Sorting Data

Let us understand how to sort the data using Spark SQL.

Let us start spark context for this Notebook so that we can execute the code provided. You can sign up for our 10 node state of the art cluster/labs to learn Spark SQL using our unique integrated LMS.

val username = System.getProperty("user.name")
import org.apache.spark.sql.SparkSession

val username = System.getProperty("user.name")
val spark = SparkSession.
    builder.
    config("spark.ui.port", "0").
    config("spark.sql.warehouse.dir", s"/user/${username}/warehouse").
    enableHiveSupport.
    appName(s"${username} | Spark SQL - Basic Transformations").
    master("yarn").
    getOrCreate

If you are going to use CLIs, you can use Spark SQL using one of the 3 approaches.

Using Spark SQL

spark2-sql \
    --master yarn \
    --conf spark.ui.port=0 \
    --conf spark.sql.warehouse.dir=/user/${USER}/warehouse

Using Scala

spark2-shell \
    --master yarn \
    --conf spark.ui.port=0 \
    --conf spark.sql.warehouse.dir=/user/${USER}/warehouse

Using Pyspark

pyspark2 \
    --master yarn \
    --conf spark.ui.port=0 \
    --conf spark.sql.warehouse.dir=/user/${USER}/warehouse
  • We can perform global aggregations as well as aggregations by key.

  • Global Aggregations

    • Get total number of orders.

    • Get revenue for a given order id.

    • Get number of records with order_status either COMPLETED or CLOSED.

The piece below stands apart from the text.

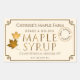 This maple syrup label can be customized with your business name, address and maple syrup volume in ounces and milliliters. There is a handy list of common container sizes with their conversions in the form field where you fill in your information. Ivory background with gold text and border. For a special touch, the word “maple syrup” has a gold gradient. Two sugar maple leaves and an editable circular logo with "Spring Season 202X" add a special touch.

  • Aggregations by key - using GROUP BY

    • Get number of orders by date or status.

    • Get revenue for each order_id.

    • Get daily product revenue (using order date and product id as keys).

  • We can also use HAVING clause to apply filtering on top of aggregated data.

    • Get daily product revenue where revenue is greater than $500 (using order date and product id as keys).

  • Rules while using GROUP BY.

    • We can have the columns which are specified as part of GROUP BY in SELECT clause.

    • On top of those, we can have derived columns using aggregate functions.

    • We cannot have any other columns that are not used as part of GROUP BY on derived column using non aggregate functions.

    • We will not be able to use aggregate functions or aliases used in the select clause as part of the where clause.

    • If we want to filter based on aggregated results, then we can leverage HAVING on top of GROUP BY (specifying WHERE is not an option)

  • Typical query execution - FROM -> WHERE -> GROUP BY -> SELECT

  • We typically perform sorting as final step.

  • Sorting can be done either by using one field or multiple fields.

  • We can sort the data either in ascending order or descending order by using column or expression.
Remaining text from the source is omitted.